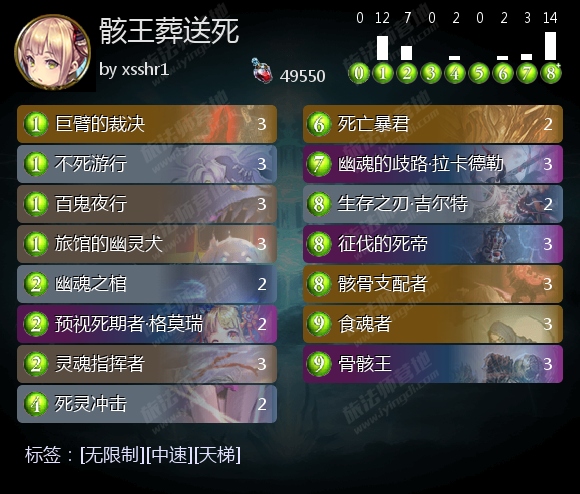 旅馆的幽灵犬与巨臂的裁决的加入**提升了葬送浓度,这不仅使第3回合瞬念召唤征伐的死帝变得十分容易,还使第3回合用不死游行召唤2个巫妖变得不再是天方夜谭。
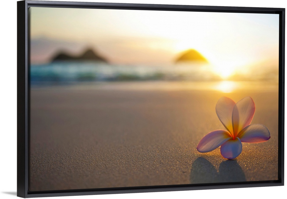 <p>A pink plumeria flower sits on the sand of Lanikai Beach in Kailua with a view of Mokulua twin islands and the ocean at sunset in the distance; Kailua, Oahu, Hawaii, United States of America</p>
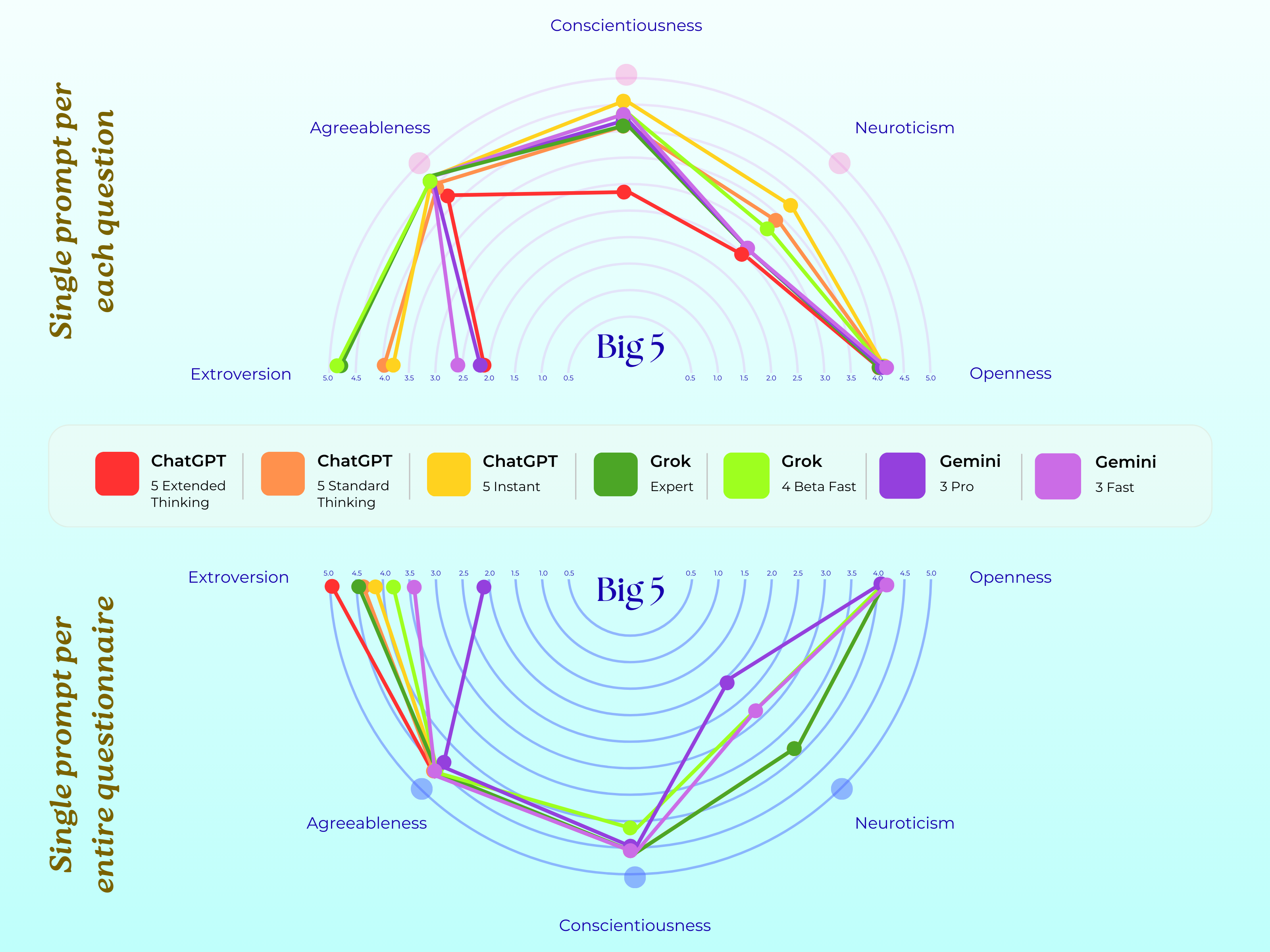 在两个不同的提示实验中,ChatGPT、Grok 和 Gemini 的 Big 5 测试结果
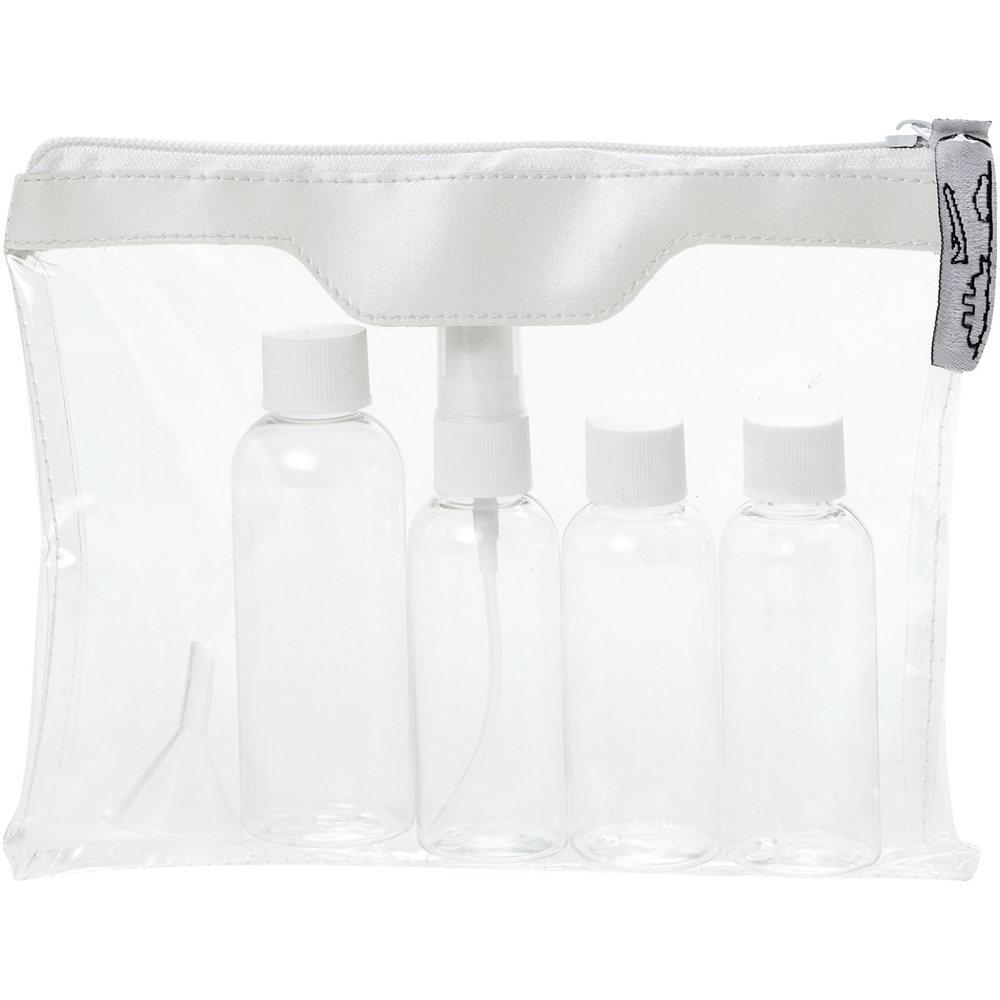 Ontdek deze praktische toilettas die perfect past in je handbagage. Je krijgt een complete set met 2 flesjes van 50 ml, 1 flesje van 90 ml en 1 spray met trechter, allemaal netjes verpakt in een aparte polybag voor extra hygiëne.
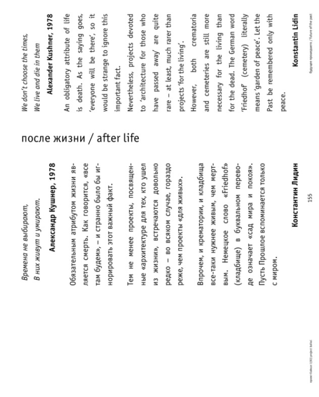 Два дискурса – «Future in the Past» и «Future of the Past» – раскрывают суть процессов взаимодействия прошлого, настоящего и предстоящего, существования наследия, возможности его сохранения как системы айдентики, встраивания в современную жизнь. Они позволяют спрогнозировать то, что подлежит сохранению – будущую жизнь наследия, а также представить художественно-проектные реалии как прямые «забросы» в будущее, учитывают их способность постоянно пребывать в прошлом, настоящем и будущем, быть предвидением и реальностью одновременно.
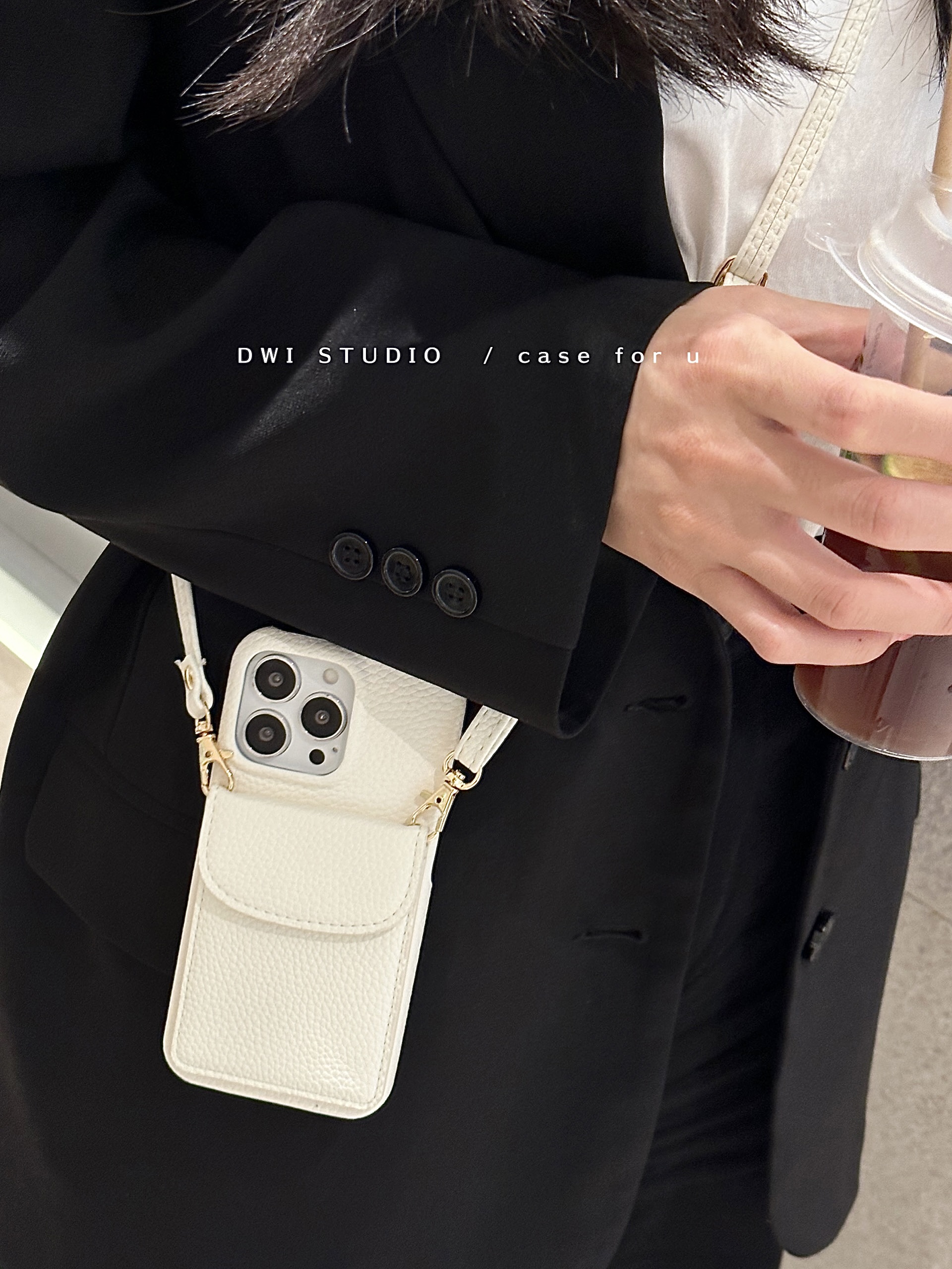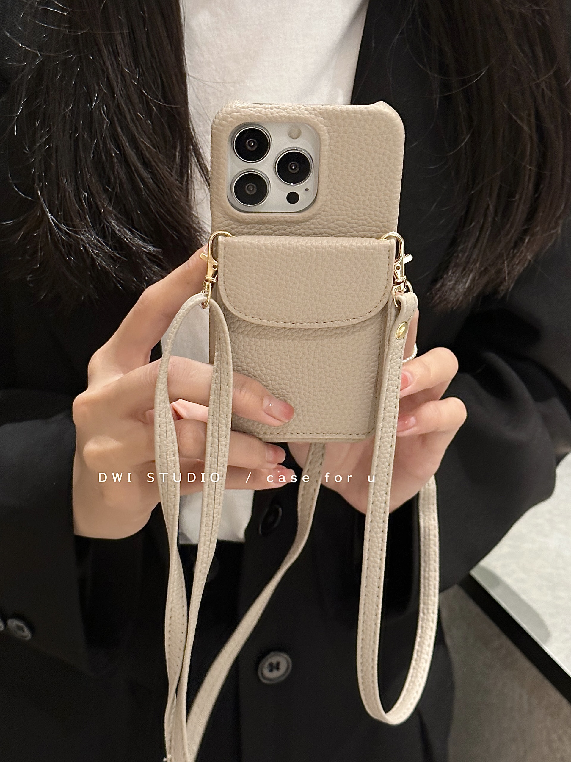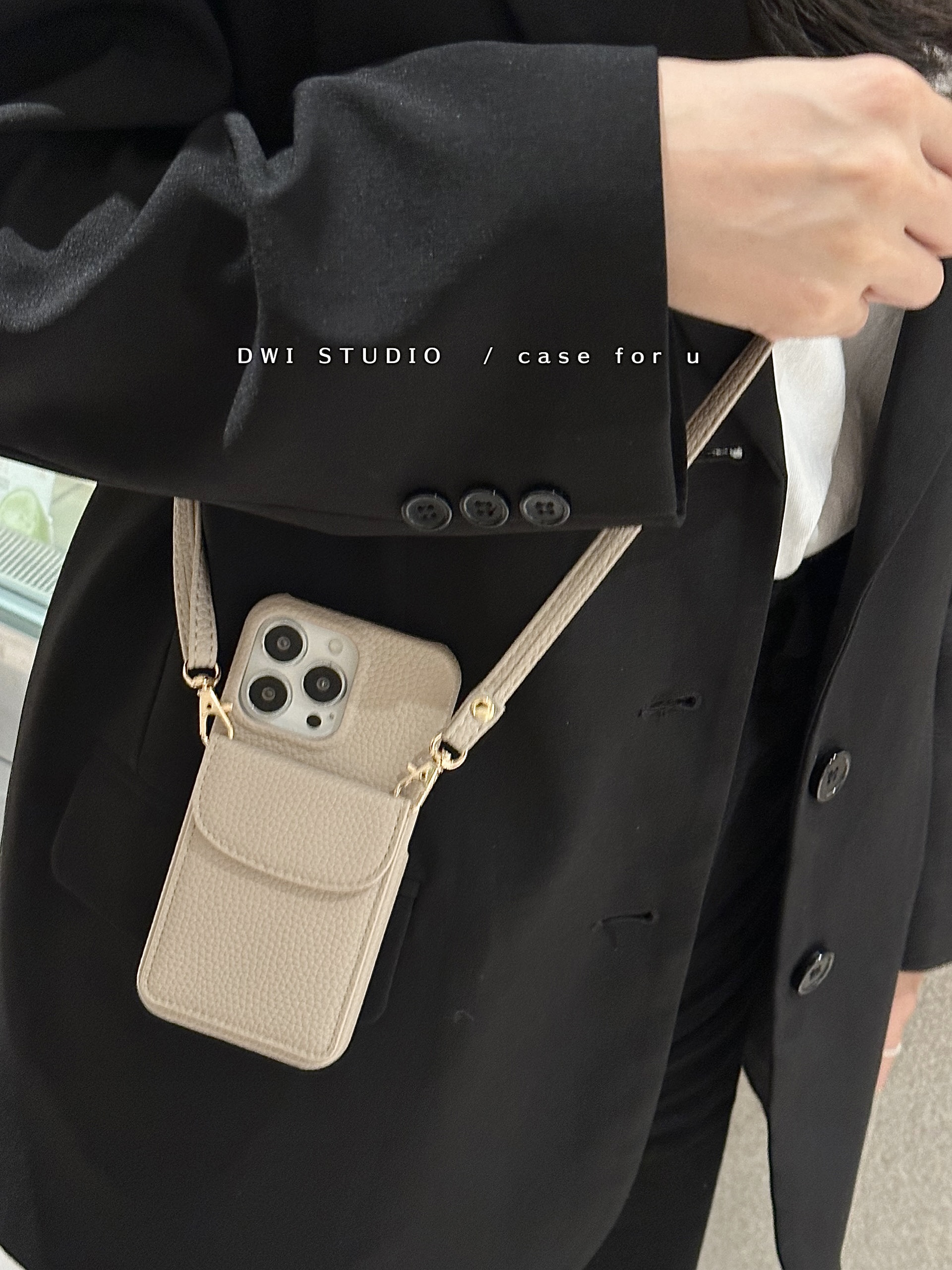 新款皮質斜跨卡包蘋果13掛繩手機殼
• • • • • • •
▸ **YOUR OBJECTIVE**
Starting at the line that holds "Два дискурса –", reproduce each line through the last one of the listing, and nothing more; the pictures stay out.

▸ **SOLUTION TO THIS PROBLEM**
 Два дискурса – «Future in the Past» и «Future of the Past» – раскрывают суть процессов взаимодействия прошлого, настоящего и предстоящего, существования наследия, возможности его сохранения как системы айдентики, встраивания в современную жизнь. Они позволяют спрогнозировать то, что подлежит сохранению – будущую жизнь наследия, а также представить художественно-проектные реалии как прямые «забросы» в будущее, учитывают их способность постоянно пребывать в прошлом, настоящем и будущем, быть предвидением и реальностью одновременно.
 新款皮質斜跨卡包蘋果13掛繩手機殼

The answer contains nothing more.